Desk editor's note, referee report, simulated authors' rebuttal, and a circularity audit. Tearing a paper down is the easy half of reading it; the pith above is the substance, this is the friction.

Desk Editor's Note private letter to a colleague

The paper gives the first sharp asymptotics for the entire regularization path of spectral algorithms in the proportional high-dimensional limit, with a three-regime learning curve and benign overfitting in the under-regularized regime.

read the letter

The main point is that this fills the gap between the optimally tuned and interpolation cases by characterizing the excess risk for all regularization levels in the n ~ d^gamma setting. They split the curve into over-regularized, under-regularized, and interpolation regimes, and show benign overfitting occurs for source conditions 0 < s ≤ s* in both the under-regularized and interpolation parts. What they do well is derive explicit limits for bias and variance terms using the kernel spectrum and source conditions, then recover the standard kernel learning curve in the regularized regime via a sequence model. Extending the results to kernels on general domains that meet spectral-scaling and hyper-contractivity is a solid step toward broader applicability. The assumptions are stated up front—inner-product kernels on the sphere or similar—and the analysis avoids circularity by building from the matrix spectrum. The stress-test found no internal contradictions, which is reassuring. Soft spots are limited. The three-regime picture depends on those specific kernel properties, so it may not generalize immediately to other kernels. Without the full proofs in front of us, it's difficult to confirm the sharpness of the asymptotics or the exact error controls, though the abstract suggests they are handled. The proportional regime is standard but still a restriction. This paper is aimed at theorists working on high-dimensional kernel ridge regression and benign overfitting. Readers who want to see how the learning curve behaves away from the usual points will get concrete value from the regime breakdown. I would bring this to a reading group focused on statistical machine learning theory. It deserves peer review because it addresses an unexplored regime with a structured asymptotic analysis that builds on existing tools.

Referee Report

2 major / 2 minor

Summary. The manuscript establishes sharp asymptotic characterizations of the excess risk for spectral algorithms (including kernel ridge regression) in the large-dimensional proportional regime where n ≍ d^γ for γ > 0. For inner-product kernels on the sphere, under source conditions s ≥ 0, the learning curve exhibits three distinct regimes (over-regularized, under-regularized, and interpolation) across the full regularization path; benign overfitting is shown to occur consistently for 0 < s ≤ s*. The analysis further recovers the kernel learning curve via an associated sequence model in the sufficiently regularized regime and extends the results to a class of kernels on general domains whose low-degree eigenspaces satisfy spectral-scaling and hyper-contractivity.
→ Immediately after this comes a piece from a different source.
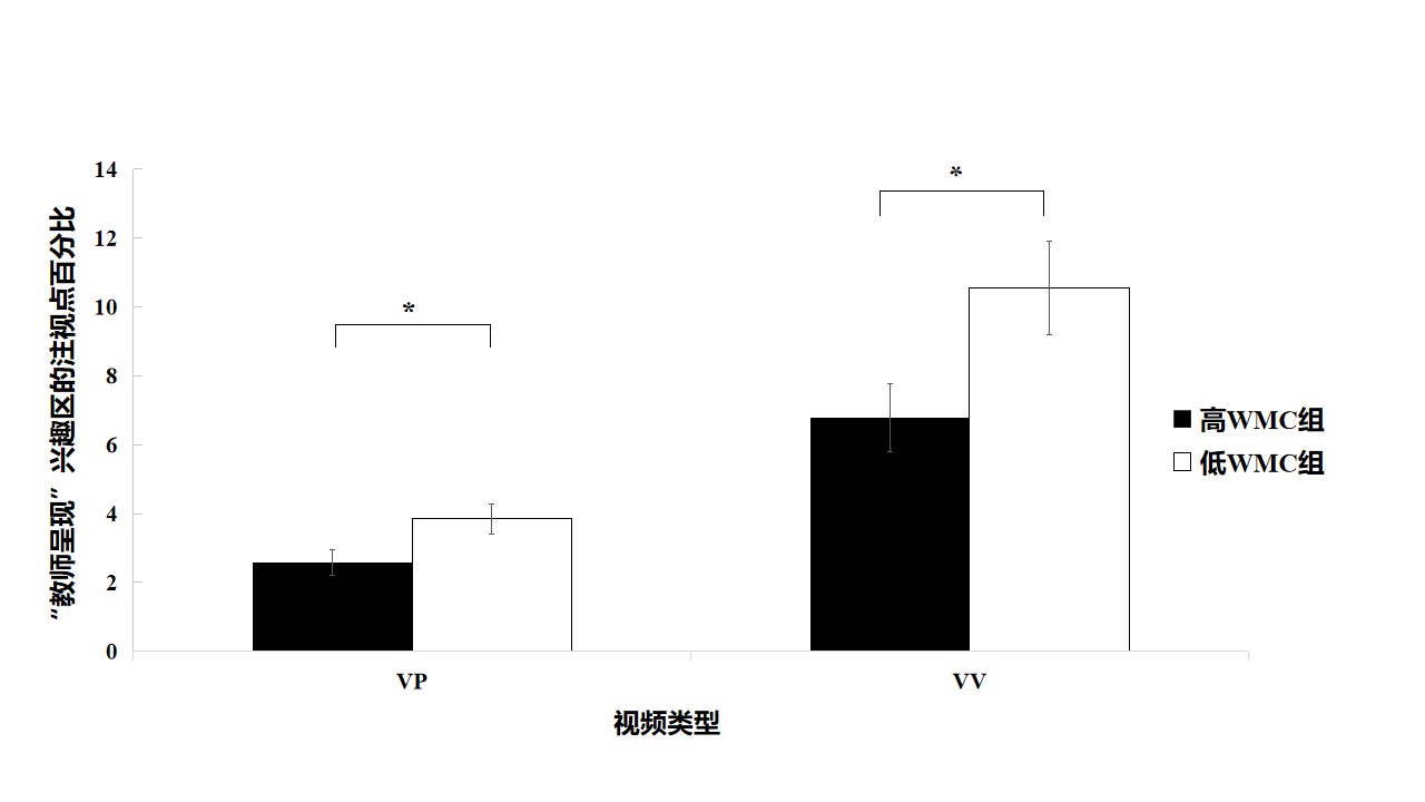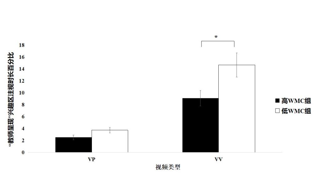 与此同时,眼动数据结果显示:在观看有老师呈现的视频时(PV和VV两种视频类型), 低WMC组比高WMC组花了更多时间注视老师这一兴趣区。

Significance. If the claimed asymptotics hold, this provides a complete theoretical description of the regularization path for spectral methods in high dimensions, moving beyond isolated analyses of optimal tuning or the interpolation limit. The explicit three-regime decomposition, precise conditions for benign overfitting, and the sequence-model equivalence constitute a substantive advance for understanding generalization in overparameterized kernel models. The extension to general domains under verifiable structural conditions on the kernel further broadens applicability.

major comments (2)

[§3] §3 (main asymptotic results): the boundaries separating the three regimes are characterized in terms of λ relative to n and d, but the explicit dependence of these thresholds on the proportionality exponent γ is not stated; this dependence is load-bearing for the claim that the regimes are distinct and exhaustive for any γ > 0.
[Theorem 4.3] Theorem 4.3 (benign overfitting for 0 < s ≤ s*): the critical threshold s* is defined via the kernel spectrum and source condition, yet the proof sketch does not explicitly verify that the variance term remains bounded while the bias vanishes uniformly in the under-regularized regime; an additional uniform integrability argument appears necessary to make the limit sharp.

minor comments (2)

[Introduction] The notation for the excess risk R(λ) versus the population risk should be introduced with a displayed equation in the introduction to prevent any ambiguity with in-sample quantities.
[§5] In the extension to general domains (§5), the hyper-contractivity assumption is invoked for low-degree eigenspaces; a brief remark on which standard kernels (e.g., Gaussian) satisfy it for the relevant degree range would improve readability.

Simulated Author's Rebuttal

2 responses · 0 unresolved

We thank the referee for the positive evaluation and insightful comments on our manuscript. We address the major comments point by point below and will revise the manuscript to incorporate the requested clarifications.

read point-by-point responses

Referee: [§3] §3 (main asymptotic results): the boundaries separating the three regimes are characterized in terms of λ relative to n and d, but the explicit dependence of these thresholds on the proportionality exponent γ is not stated; this dependence is load-bearing for the claim that the regimes are distinct and exhaustive for any γ > 0.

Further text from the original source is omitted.